Сысцов сидел у журнального столика и пил чай. Кружочек лимона золотисто светился на солнце в чайном стакане, придавая всей сцене теплоту и почти домашний уют.
– Входи, Павел Николаевич, – Сысцов царственно махнул рукой, приглашая гостя сесть в соседнее кресло. И тут же прихлебнул из стакана, спрятав глаза. – Валя сказала, что у тебя что-то необычное... Я заметил, с тобой частенько последнее время стали происходить чрезвычайные события. – Золотой ободок на стакане сверкнул желтым настораживающим бликом. – Давай бей... Похоже, я тут для того и сижу, чтобы вы все приходили сюда время от времени и били меня по темечку.
Пафнутьев сел, положил папку на колени, поднял голову и посмотрел на Сысцова печально и даже с некоторым соболезнованием.
– Арестован Анцыферов.
– Знаю, – кивнул Сысцов, прихлебывая чай. – Дальше.
– Вы уже знаете? – поперхнулся Пафнутьев от удивления.
– Невродов доложил.
– Ну, тогда слава богу... А то я уж думал, что мне первому придется принести эту новость.
– Нет... Невродов оказался неожиданно гуманным человеком... По отношению к тебе, Павел Николаевич... И весь удар взял на себя.
– Надо же, какое великодушие, – пробормотал Пафнутьев.
– Но все равно хорошо, что ты пришел. – Сысцов остро глянул на Пафнутьева поверх стакана. – Невродов мало что мог сказать... Очень волновался. – Сысцов жестко улыбнулся. – Он сказал, что ты доложишь подробности. Слушаю тебя, Павел Николаевич. – И Пафнутьев вдруг ясно услышал в наступившей тишине, как мелко и часто бьется в опустевшем стакане серебряная ложечка, передавая дрожание руки Сысцова. – А то я уж, честно говоря, подумал ненароком... Не придешь ли ты с конвоирами за мной... Нет, вроде один пришел... И на том спасибо.
Ложечка продолжала звенеть в стакане, и Сысцов, поймав взгляд Пафнутьева, устремленный в сторону этого мелкого дробного звона, поставил стакан на стол.
– Иван Иванович, – начал Пафнутьев, наклонив голову вперед, как бы преодолевая сильный встречный ветер, который бил ему в лицо. – Я прекрасно понимаю все, что произошло, понимаю суть событий... И скрытую их сторону. Но все произошло настолько неожиданно, что предупредить вас, посоветоваться... не было никакой возможности. События назревали несколько дней... И я не думал, что они взорвутся столь быстро.
– Не тяни.
– Внешняя сторона событий такова... Не-кий директор гастронома, Халандовский, написал заявление о том, что прокурор города требует с него пять миллионов рублей за прикрытие уголовного дела, возбужденного против того же Халандовского.
– А что он натворил, этот твой Халандовский?
– Почему он мой?
– Не надо, – досадливо махнул рукой Сысцов. – Не надо лапши, Павел Николаевич. Что он натворил?
– Ничего. Обвес, обсчет... Обычные торговые дела.
– И за это пять миллионов? Он что, ошалел?

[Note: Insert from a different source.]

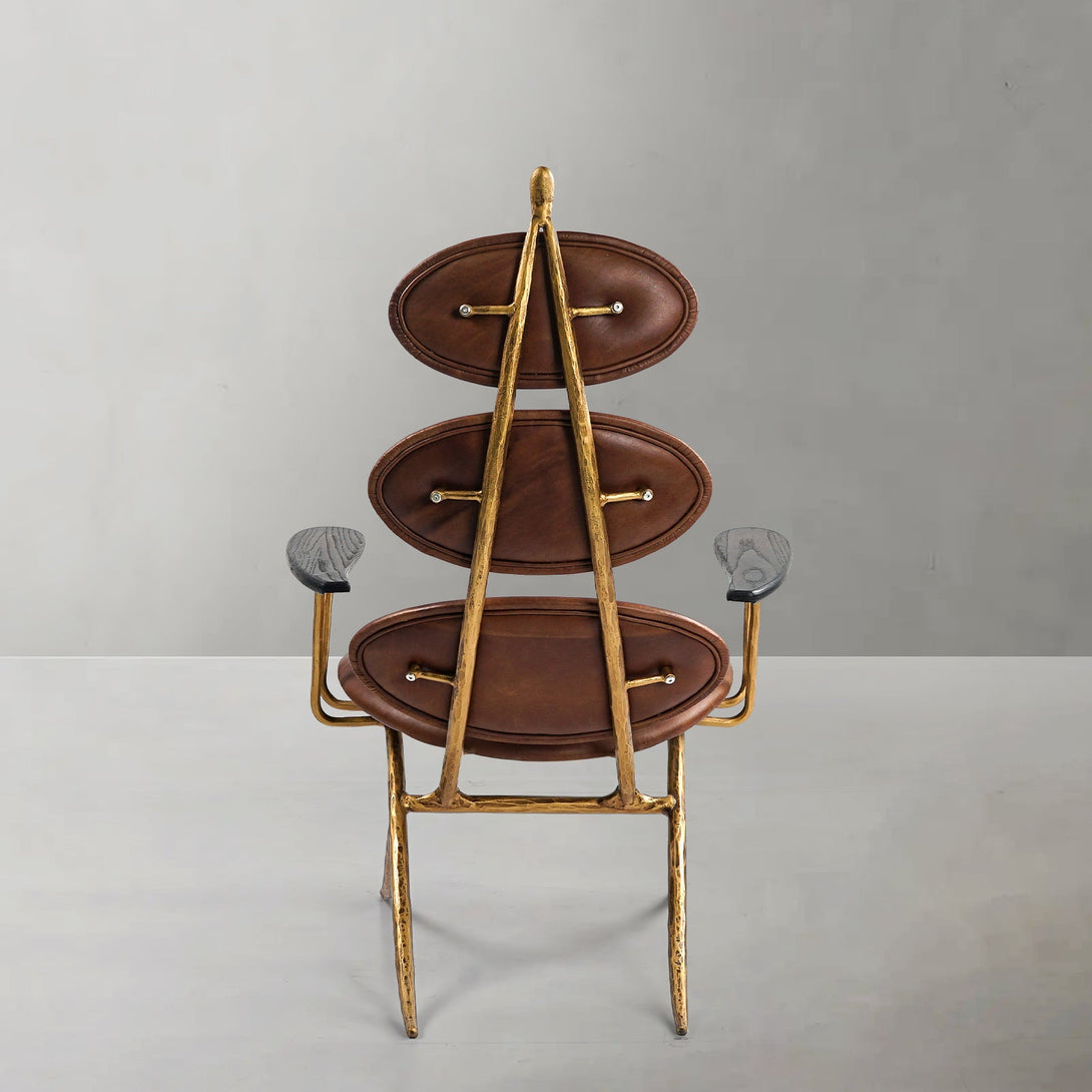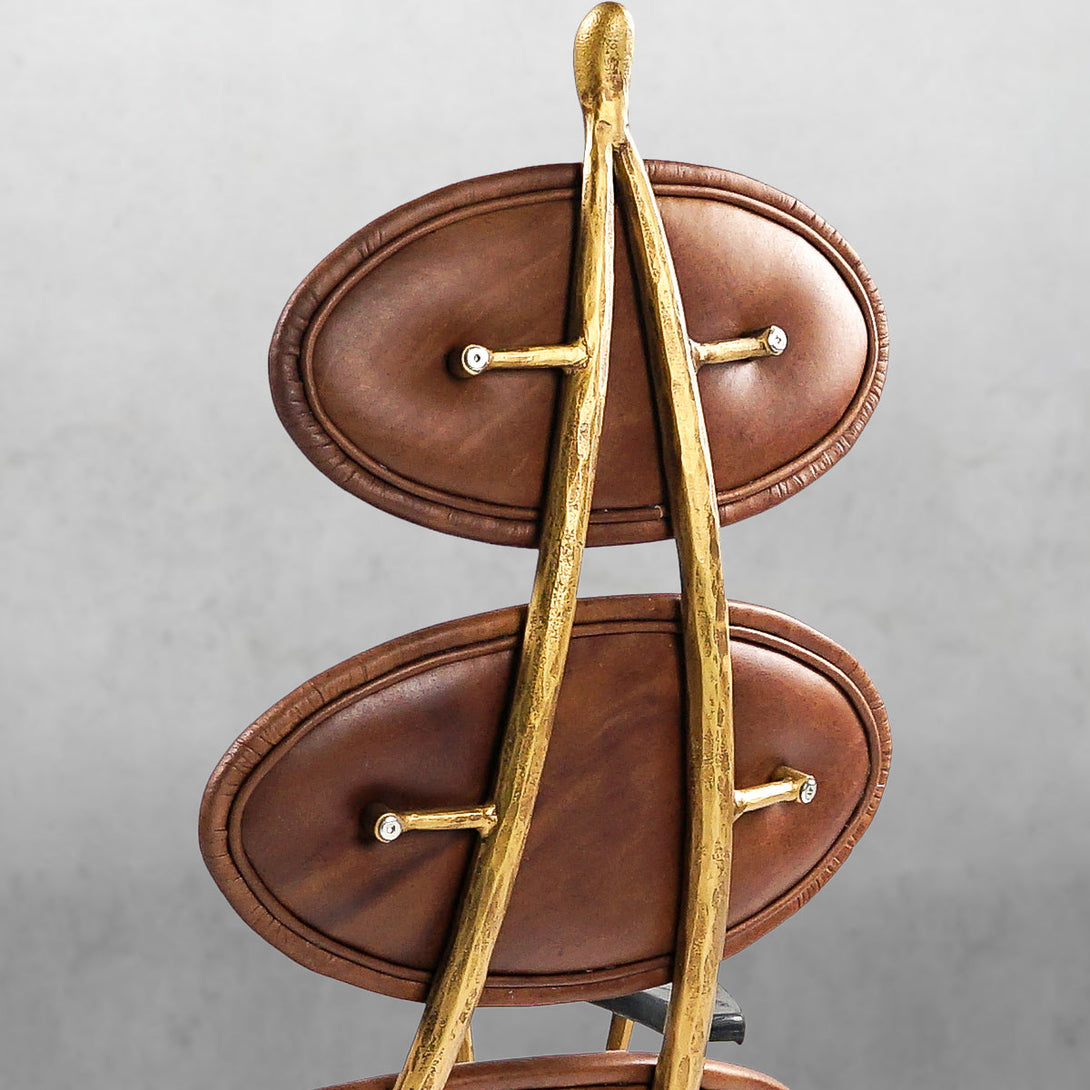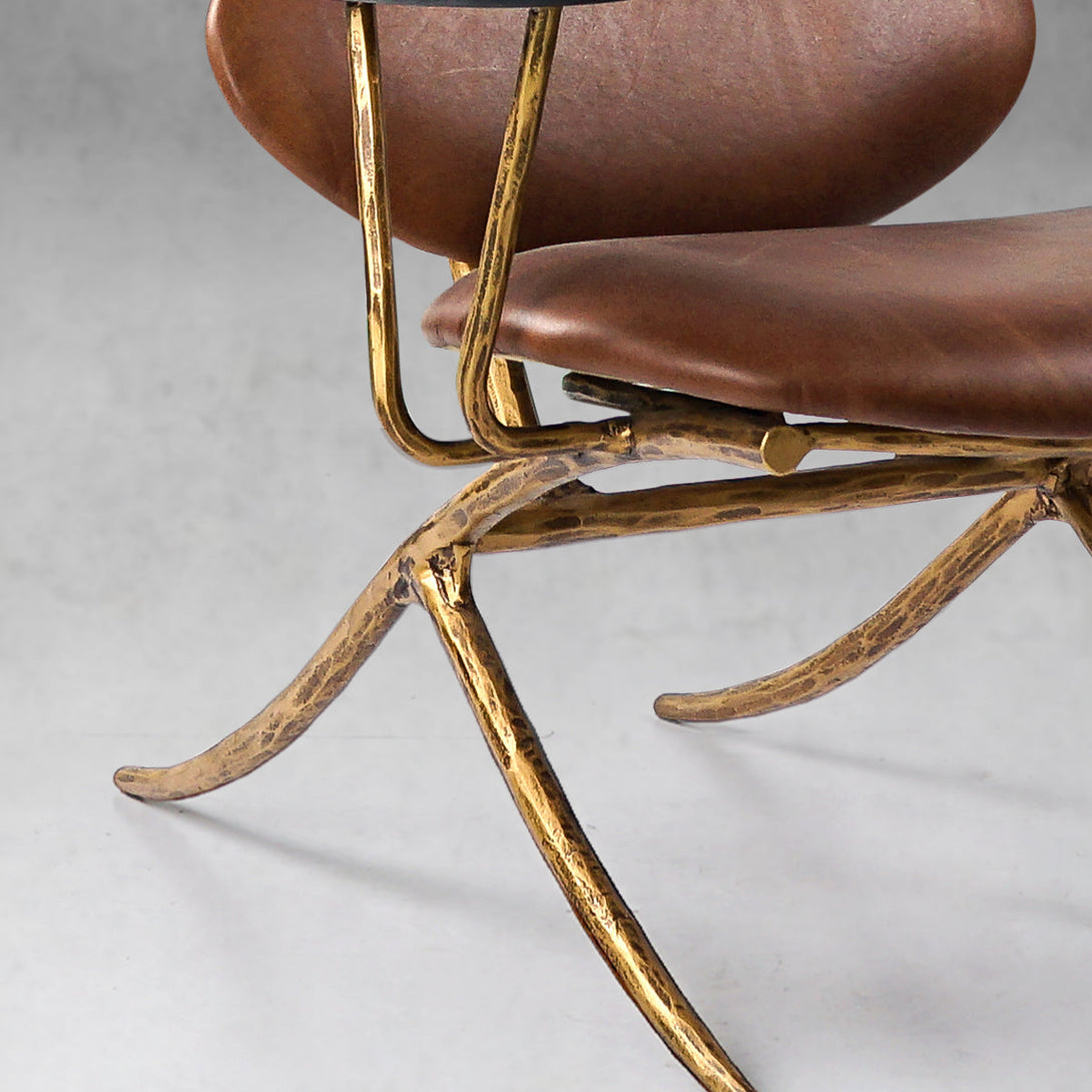 Our chair from the rustic sensibility of a hand-forged metal base with supple leather. Employing an ancient fabrication process, artisans hand hammer the metal bars to reveal an alive, imperfect and organic texture, a counterpoint to the frame's slender, tapered silhouette.

– Кто? – осмелился спросить Пафнутьев.
– Анцышка... Многовато запросил... Такие дела стоят меньше. Продолжай.
– Халандовский не простак. Он понимал, что обвинение дутое. Для того и составленное, чтобы получить с него деньги. И он, ничем не рискуя, обратился в областную прокуратуру. Те ухватились. И сегодня утром провели операцию. Халандовский вручил Анцыферову пять миллионов меченых денег, те тут же вошли следом за ним и оформили факт получения взятки. Были изъяты и сами деньги, и газетная упаковка, пересыпанная светящимся порошком, тут же сфотографировали руки Анцыферова, они тоже светились.

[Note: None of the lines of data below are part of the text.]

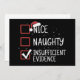 Invitación Nice Naughty Insufficient Evidence Christmas Funny
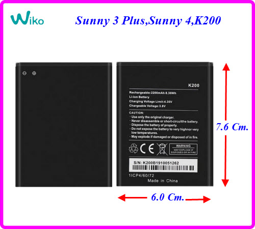 - แบตเตอรี่ wiko Sunny 3 Plus,Sunny 4,K200(6.0x7.6 Cm.)
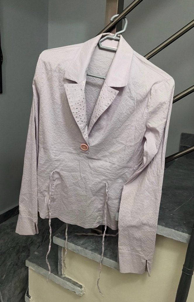 Gri keten kumaştan, düğmeli ve uzun kollu, notched lapel yakalı kadın gömleği. Normal uzunlukta ve regular fit, gündelik sokak stili için uygun.
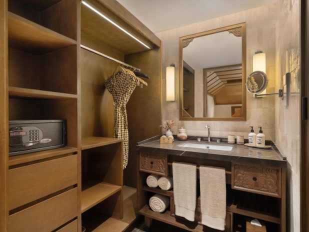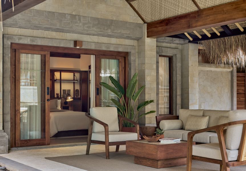 Расположена в тихой части курорта, только для гостей 16+, спальня с двуспальной кроватью king-size, гардеробная, гостиная и обеденная зоны, частный сад и бассейн, вид на бассейн, преимуществами зоны The Reserve, включая доступ в приватные пространства отеля;
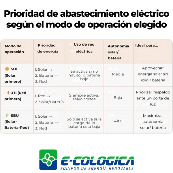 SBU (Solar- Batería-Red)Orden de uso: 1. Solar ⇒ 2. Batería ⇒ 3. Red | La red eléctrica solo se activa cuando se agota la carga disponible de la batería | Ideal para maximizar autonomía solar/batería Autonomía solar/batería: Alta |
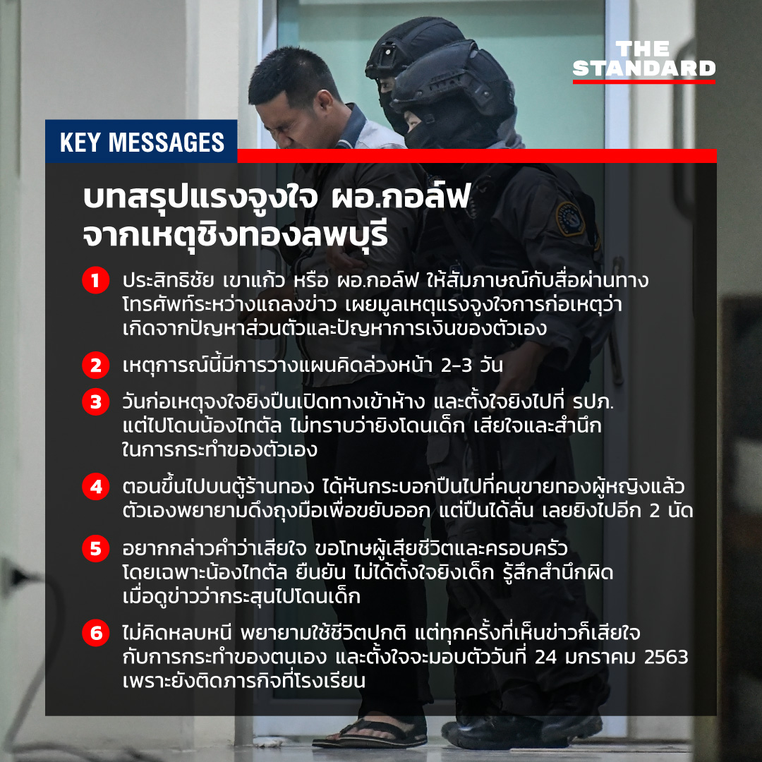 หลังจากที่เจ้าหน้าที่ตำรวจเข้าจับกุมตัวผู้ต้องหาคดีชิงทองที่จังหวัดลพบุรี ล่าสุดมีการตั้งโต๊ะแถลงข่าวถึงแรงจูงใจในการก่อเหตุ และความรู้สึกต่อเหตุการณ์ที่เกิดขึ้นทั้งหมดของ ประสิทธิชัย เขาแก้ว หรือ ผอ.กอล์ฟ ผู้ต้องหาในคดีนี้

– Засветился, значит, наш прокурор, – задумчиво проговорил Сысцов, с улыбкой глядя на Пафнутьева. – Засветился... Жаль. Хороший был человек, а, Павел Николаевич?

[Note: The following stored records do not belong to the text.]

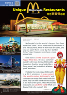麥當勞是家喻戶曉的速食連鎖品牌,在各國皆有多間分店,其金拱門標誌為麥當勞深植人心的特徵之一。不過,麥當勞餐廳的外觀並非千篇一律,在某些地區,麥當勞會根據當地的自然環境或人文特色在設計上融入巧思。像是在美國新墨西哥州,有間以飛碟為外型設計的麥當勞;在紐西蘭陶波,則有一間麥當勞是由貨真價實的飛機改建而成。本文將帶你探索更多獨特又令人驚奇的麥當勞餐廳!
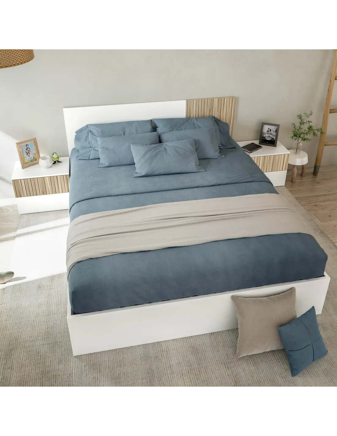 El cabezal es reversible y las mesitas sobresalen del cabezal por los lados en camas de 160cm. Dispone de patas ABS (termoplástico de alta resistencia) ocultas para la parte inferior del mueble.
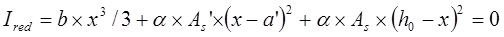 (слайд19) Высоту сжатой зоны сечения х находят из условия, что статический момент приведенного сечения относительно нейтральной оси равен нулю:
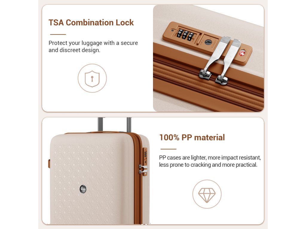 Kufry z polypropylenu patří mezi nejoblíbenější volbu současných cestovatelů díky své odolnosti a nízké váze. Tento model Kono v elegantní béžovo-hnědé kombinaci je perfektní na obchodní cesty, víkendové pobyty i rodinné dovolené. Spojuje moderní vzhled, chytré funkce a dlouhou životnost.

– Мы с ним давно работали, – осторожно ответил Пафнутьев, не разобравшись в смысле вопроса.
– Ну хорошо... А твоя роль во всех этих событиях... В чем она заключается? Ведь я же не поверю, что ты ничего не знал и ни о чем не догадывался, а?
– Знал и догадывался, – кивнул Пафнутьев.
– Почему же не спасал Анцыферова?
– Это моя обязанность?
– Да.
– А вот этого я уже не знал.
– Врешь, – просто сказал Сысцов. И улыбнулся каким-то своим, невысказанным мыслям. И Пафнутьеву эта его улыбка не понравилась. Он вдруг ясно понял, что если сейчас, вот в этом разговоре, он не переломит этого упрямого, сильного, всепонимающего противника, то ему придется не просто менять работу, ему придется поменять и место жительства. В этом городе оставаться будет попросту опасно. И спокойствие Сысцова объяснялось только одним – он уже с ним попрощался. И сейчас лишь исполнял последний долг. – Да, Павел Николаевич, ты обязан был Анцыферову помогать, выручать, предупреждать о малейшей опасности, а в случае надобности закрывать его собственной грудью. Только при таком отношении к Анцышке мы с тобой могли бы работать дальше. Вот в этом кабинете, ровно год назад, даже немного больше, он сделал тебя начальником следственного отдела. Ты забыл об этом?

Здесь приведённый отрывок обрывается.